Ее поцелуи по-прежнему заводят его. Любые разногласия между ними в эти дни — ничто по сравнению с преградами, которые они преодолели. Сначала самый богатый коп Нью-Йорка три месяца ухаживал за упрямой красавицей режиссером. То было время самых восхитительных сексуальных переживаний в жизни Воорта; и ее темперамент — ритм жизни — соответствовал его. Но было и что-то еще, не поддающееся определению. Какое-то сводящее с ума изначальное родство.
Воорт так влюбился, что уже считал Камиллу членом семьи, и каждый день молился за нее в церкви.
«Господи, — просил он, — помоги мне дать ей столько же счастья, сколько она мне дает».
Теперь, загружая остатки ленча в каяки, он вспомнил второй этап их отношений, когда Камилла стала исчезать по вечерам — к психиатру, как выяснилось позже. Раскрылось и предательство — такое ужасное, что, казалось, он никогда не сможет простить ее.
«Она хотела вернуться, но я сказал „нет“».
Вот почему он сам изумился, когда в один прекрасный день, после завершения дела Шески, понял, что звонит в ее дверь. Они снова стали друзьями, потом любовниками, но теперь — после четырех лет знакомства — в их отношениях уже нет былой рискованной остроты. Смесь доверия, уважения и химии, и вместе с тем — достаточно непредсказуемости, чтобы ожидать радостных сюрпризов в грядущие годы.
— Кто пройдет Врата последним, займется списком гостей к свадьбе — надо бы сократить до двух сотен, — говорит он.
— Лучше бы это делать тебе, учитывая, сколько Воортов бывает в нашем доме каждый вечер.

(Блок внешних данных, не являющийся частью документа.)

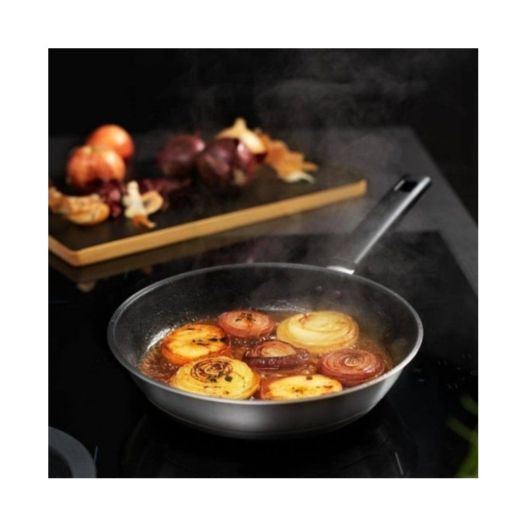 Extrémně odolná pánvička vyrobená z kvalitní nerezové oceli pro náročné každodenní vaření. Uvnitř pánve je vysoce odolný povrch Hardtec Superior. Její třívrstvé dno rovnoměrně rozvádí teplo. Má bakelitové držadlo, které zůstává neustále studené. Vhodná pro plynové, elektrické, sklokeramické desky i indukční desky. Pánev lze mít v myčce.
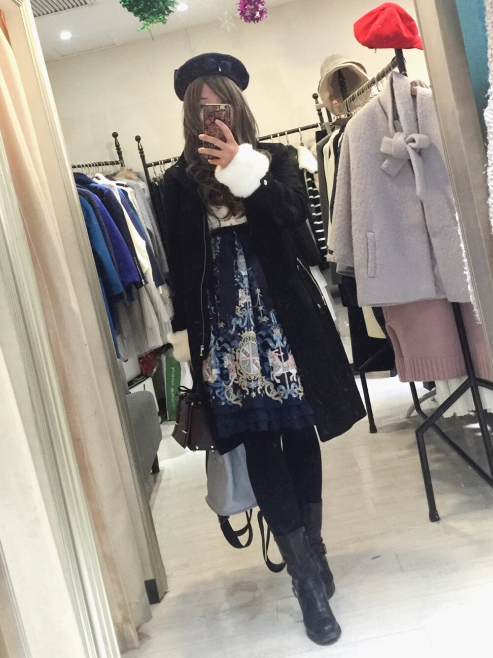花色繁复的裙子最好搭配纯色的外套哦~
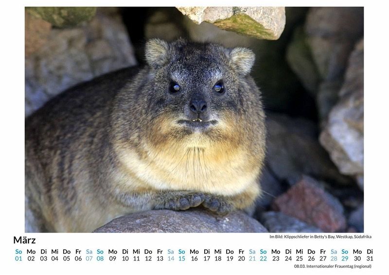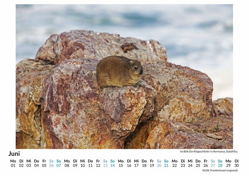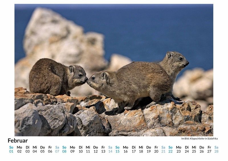 Entdecken Sie die faszinierende Welt der Klippschliefer mit unserem exklusiven Monats-Wandkalender! Dieser Kalender zeigt 12 liebevoll ausgewählte Motive der charmanten, kleinen Säugetiere, die in den Felsen Afrikas und des Nahen Ostens leben. Gedruckt auf hochwertigem, lichtbeständigem Bilderdruckpapier, bringt er die Schönheit der Natur direkt in Ihr Zuhause. Jeder Kalender wird in Deutschland auf FSC-zertifiziertem Papier produziert - für ein umweltbewusstes Kauferlebnis. Perfekt als Geschenk oder für Ihre eigenen vier Wände. Holen Sie sich jetzt ein Stück Wildnis nach Hause und lassen Sie sich Monat für Monat von den Klippschliefern verzaubern! Hochwertig Erleben Sie ein Jahr voller Eleganz mit unserem Premium-Fotokalender. Jedes der 12 Motive ist auf hochwertigem, lichtbeständigem Bilderdruckpapier gedruckt, um die Lebendigkeit jedes Bildes zu bewahren. Die robuste Spiralbindung gewährleistet Langlebigkeit und einfache Handhabung. Nachhaltig Unser Engagement für die Umwelt spiegelt sich in jedem Exemplar wider. Durch die Produktion auf Abruf reduzieren wir signifikant unseren Abfall. Wir verwenden ausschließlich umweltfreundliches, FSC-zertifiziertes Papier. Stolz gefertigt in Deutschland, achten wir bei unserer Logistik auf Klimaschutz, um unseren ökologischen Fußabdruck zu minimieren. Das ideale Geschenk Dieser Kalender ist das perfekte Präsent für jeden Anlass - ob Weihnachten, Geburtstage oder einfach als liebevolle Aufmerksamkeit zwischendurch. Geeignet für Freunde, Familie, Kinder und Erwachsene gleichermaßen, bereichert er jedes Zuhause mit seiner Vielfalt und Schönheit, unabhängig vom Alter der Beschenkten.
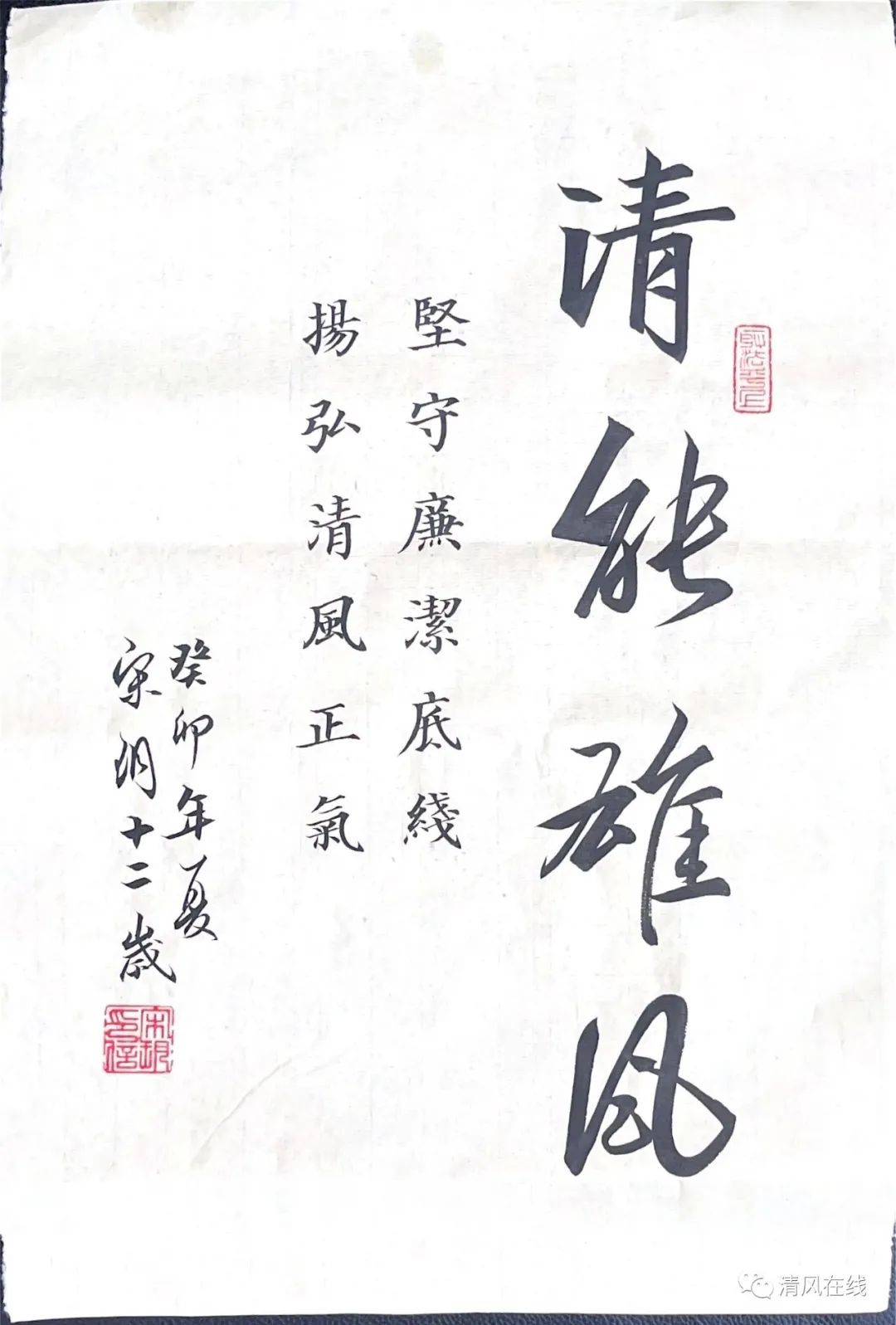 ? ? ?以“清能懿行,清風潤心”為主題,組織創作了一批接地氣、冒熱氣、有生氣的廉潔文化作品,將廉潔文化轉為看得見摸得著的日常生活元素,讓清廉之風吹進心田。

Река влечет складные каяки к Адским Вратам. В этот час прилив несет воды из пролива Лонг-Айленд на юг — в сторону текущей на север пенной Ист-Ривер. Сталкиваются они в S-образном изгибе впереди.

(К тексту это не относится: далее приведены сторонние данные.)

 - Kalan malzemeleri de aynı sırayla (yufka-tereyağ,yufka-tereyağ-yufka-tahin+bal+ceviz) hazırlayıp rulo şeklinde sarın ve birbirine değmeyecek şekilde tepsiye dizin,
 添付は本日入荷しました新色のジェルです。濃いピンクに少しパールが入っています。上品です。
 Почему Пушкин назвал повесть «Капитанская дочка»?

Дальше виднеются башни Манхэттена.
— Ур-ра! — В облаке водяной пыли Камилла выводит каяк из кипящего водоворота на гребень четырехфутовой волны. В колледже она была чемпионкой по гребле на каяке. Теперь же, после того как ее — режиссера теленовостей — уволили с Эн-би-си, она каждый день проводит по нескольку часов на лодочной станции на Гудзоне, собирая на заказ модели для частных клиентов. Со стороны кажется, это превращение из интеллектуалки в безработную спортсменку далось ей легко.
Воорт не отстает; он худой, широкоплечий мужчина, покрытый бронзовым загаром, припорошенный морской солью. На таких парней женщины всегда обращают внимание: в конторах, церквях, супермаркетах, джазовых клубах.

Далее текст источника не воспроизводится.